Similarly, while operations are depicted in the drawings in a particular order, this should not be understood as requiring that such operations be performed in the particular order shown or in incremental order, or that all illustrated operations be performed, to achieve desirable results, unless described otherwise. In certain circumstances, multitasking and parallel processing may be advantageous. Moreover, the separation of various system components in the embodiments described above should not be understood as requiring such separation in all embodiments, and it should be understood that the described program components and systems can generally be integrated together in a product or packaged into multiple products.


Hereinafter, various characteristics will be highlighted in a set of numbered clauses or paragraphs. These characteristics are not to be interpreted as being limiting on the disclosure or inventive concept but are provided merely as a highlighting of some characteristics as described herein, without suggesting a particular order of importance or relevancy of such characteristics.


Clause 1. An apparatus comprising at least one processor and a memory storing instructions that are operable, when executed by the at least one processor, to cause the apparatus to: receive one or more audio signals captured by one or more steerable microphone arrays situated within an acoustic environment; identify, based on the one or more audio signals and an acoustic source identification model, an acoustic source associated with the one or more audio signals; generate, based on the one or more audio signals, a localization object associated with the acoustic source within the acoustic environment; direct, based on the localization object, one or more microphone lobes associated with the one or more steerable microphone arrays toward the acoustic source; generate, based on one or more subsequent audio signals, an updated localization object associated with the acoustic source; and direct, based on the updated localization object, the one or more microphone lobes of the one or more steerable microphone arrays toward the acoustic source.

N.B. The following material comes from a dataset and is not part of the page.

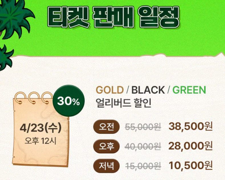 - 4월 25일(금) 12시: 일반 예매 오픈

Clause 2. An apparatus according to the foregoing Clause, wherein each steerable microphone array of the one or more steerable microphone arrays is associated with a known location within the acoustic environment.


Clause 3. An apparatus according to any one of the foregoing Clauses, wherein the localization object comprises a location of the acoustic source within the acoustic environment.


Clause 4. An apparatus according to any one of the foregoing Clauses, wherein the one or more microphone lobes are directed toward the acoustic source based on one or more audio signal attributes associated with the one or more audio signals.


Clause 5. An apparatus according to any one of the foregoing Clauses, wherein the one or more audio signal attributes comprise one or more of acoustic features comprising one or more of an angle of arrival, a gain, a frequency, a pitch, a timbre, an articulation, a volume, or an intensity, emotive qualities comprising one or more of a valence, an activation, or a dominance, or speech delivery characteristics comprising one or more of a pause duration, a pace, or a speech rate.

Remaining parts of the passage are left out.